O Botafogo SAF e a Eagle Bidco assinaram um acordo de paz nesta semana, com suspensão temporária de até 60 dias de processos judiciais em curso. A decisão ocorre em meio a mudanças administrativas no clube e busca manter a operação estável da SAF, que enfrenta dívidas expressivas.

A Eagle detém 90% das ações da SAF Botafogo, enquanto o clube associativo possui os 10% restantes. O acordo permitirá a continuidade da gestão de Eduardo Iglesias, nomeado pelo juízo da recuperação judicial há 10 dias, e não envolve mudanças imediatas no comando.

O movimento abre caminho para uma recuperação judicial mais estável e para a entrada de um novo investidor, o grupo GDA Luma, de Gabriel de Alba. A trégua é considerada definitiva, com a ressalva de que a suspensão pode ser renovada por mais 30 dias.

Contexto da pacificação

O acordo vem após disputas que chegaram ao STJ sobre a devolução de poderes à Eagle na administração da SAF. A recuperação judicial foi autorizada para evitar punições pela FIFA, manter jogadores e suspender execuções contra a SAF, diante de uma dívida estimada em cerca de R$ 2 bilhões.

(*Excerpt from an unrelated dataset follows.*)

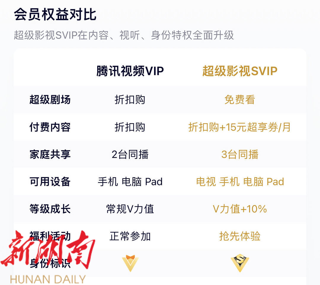 腾讯视频不同的会员权益对比。腾讯视频客户端 截屏图

Desde a formalização do pedido de RJ, Eagle e Botafogo já vinham costurando o acordo, visando manter a operação sem alterações na liderança. A suspensão não abrange a recuperação judicial em si, que permanece em curso.

Perspectivas de investimento

Segundo fontes envolvidas, a saída da Eagle pode ocorrer com a entrada da GDA, mediante pagamento que ficaria em torno de 25 milhões de euros (aprox. R$ 147 milhões). O financiamento ocorreria via DIP para manter capital de giro durante a transição.

Como contrapartida, a GDA assumiria o papel de acionista majoritário na SAF e aportaria ao menos 85 milhões de euros a longo prazo. O Botafogo espera que um repasse inicial de 15 milhões de euros ocorra em breve para sustentar obrigações até o fim do ano.

Próximos passos

A assembleia do Botafogo associativo deve aprovar a venda dos 90% da SAF ao grupo GDA, com a assinatura do presidente do associativo, se tudo ocorrer como previsto. Há ainda uma possível proposta de recompra da SAF por parte de Textor, que deve ser rejeitada pela gestão.

Observação

O texto não cita fontes diretas além de informações já divulgadas publicamente; não foram usadas declarações de terceiros nem conjecturas adicionais. As informações são apresentadas para esclarecer o andamento do processo e suas implicações para a SAF Botafogo.